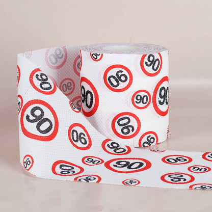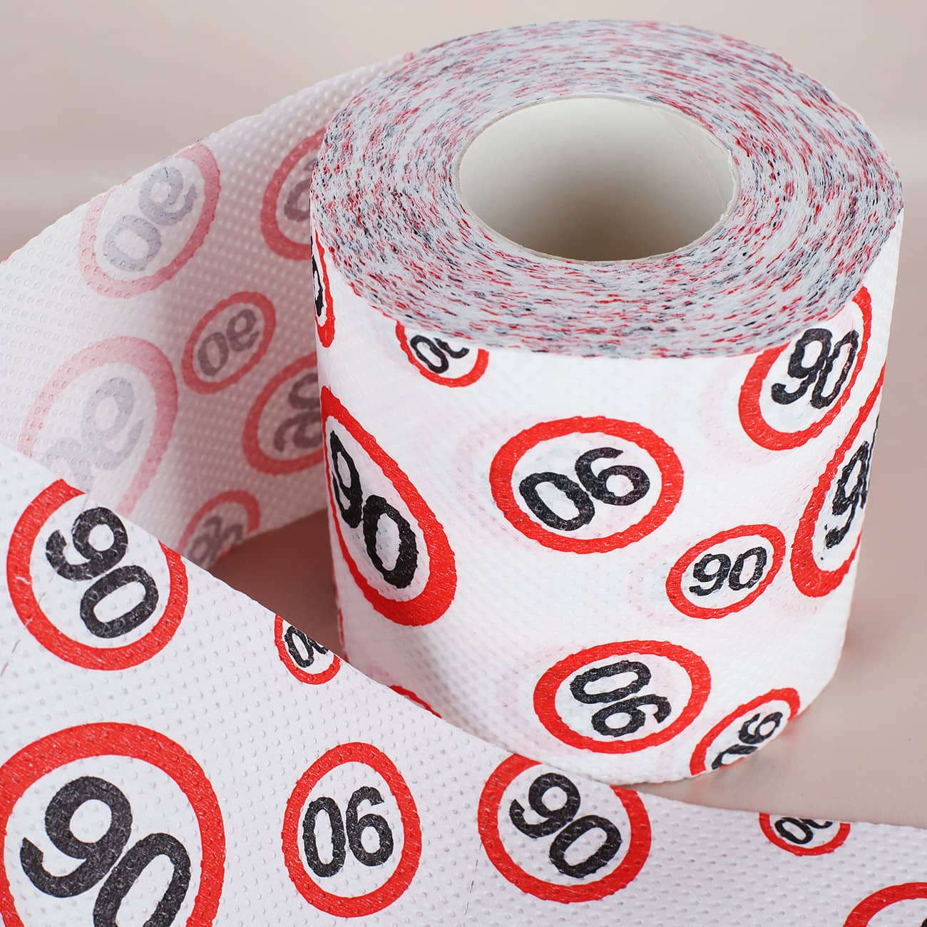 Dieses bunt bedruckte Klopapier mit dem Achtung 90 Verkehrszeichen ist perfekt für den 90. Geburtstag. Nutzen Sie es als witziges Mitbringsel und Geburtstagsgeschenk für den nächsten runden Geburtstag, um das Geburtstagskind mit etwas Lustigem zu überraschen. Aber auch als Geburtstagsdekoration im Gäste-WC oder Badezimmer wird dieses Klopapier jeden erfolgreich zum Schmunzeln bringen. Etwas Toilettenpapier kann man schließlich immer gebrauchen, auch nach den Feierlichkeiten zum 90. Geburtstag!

--------------------

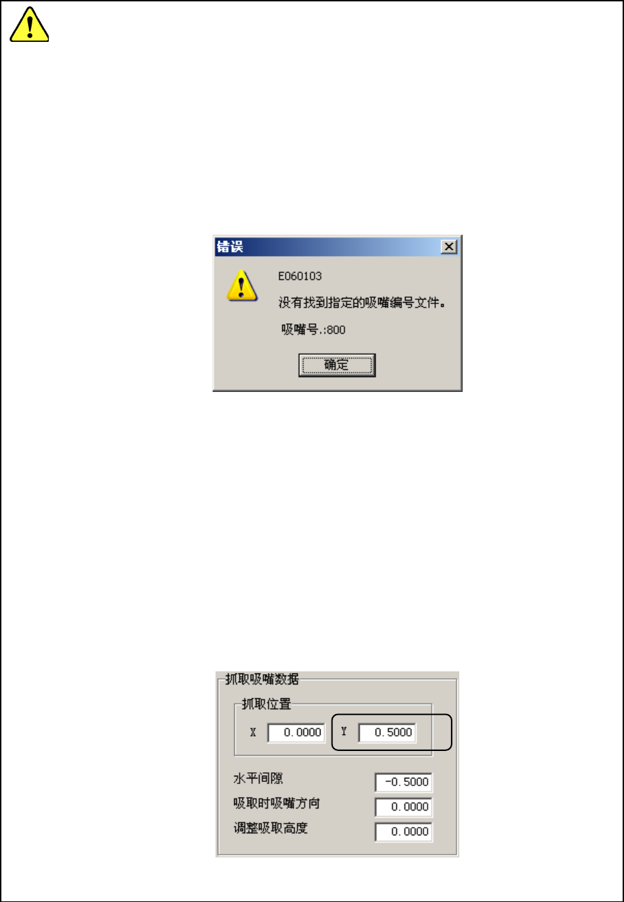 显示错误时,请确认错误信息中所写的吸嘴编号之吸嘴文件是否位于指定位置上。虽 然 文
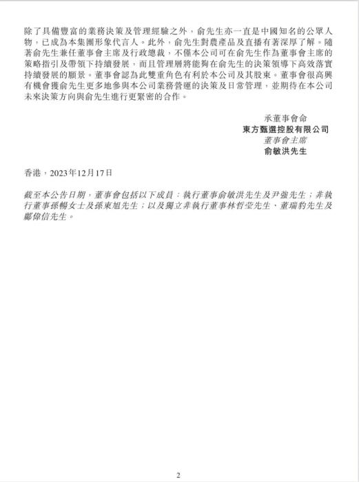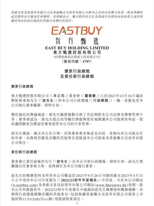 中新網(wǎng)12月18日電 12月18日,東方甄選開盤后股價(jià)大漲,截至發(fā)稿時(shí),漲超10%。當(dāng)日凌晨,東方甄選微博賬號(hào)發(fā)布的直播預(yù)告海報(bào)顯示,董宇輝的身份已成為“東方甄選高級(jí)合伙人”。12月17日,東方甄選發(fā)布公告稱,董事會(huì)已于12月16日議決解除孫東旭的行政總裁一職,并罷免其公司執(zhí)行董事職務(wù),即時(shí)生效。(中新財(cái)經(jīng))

--------------------

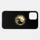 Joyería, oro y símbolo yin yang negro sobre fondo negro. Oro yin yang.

--------------------

→ **Problem details**:
Copy exactly the lines of the entries above from the one containing "显示错误时,请确认错误信息中所写的吸嘴编号之吸嘴文件是否位于指定位置上。虽 然 文" through the one containing "中新網(wǎng)12月18". Both end lines count; pictures do not.

→ **Reply to the exercise**:
 显示错误时,请确认错误信息中所写的吸嘴编号之吸嘴文件是否位于指定位置上。虽 然 文
 中新網(wǎng)12月18日電 12月18日,東方甄選開盤后股價(jià)大漲,截至發(fā)稿時(shí),漲超10%。當(dāng)日凌晨,東方甄選微博賬號(hào)發(fā)布的直播預(yù)告海報(bào)顯示,董宇輝的身份已成為“東方甄選高級(jí)合伙人”。12月17日,東方甄選發(fā)布公告稱,董事會(huì)已于12月16日議決解除孫東旭的行政總裁一職,并罷免其公司執(zhí)行董事職務(wù),即時(shí)生效。(中新財(cái)經(jīng))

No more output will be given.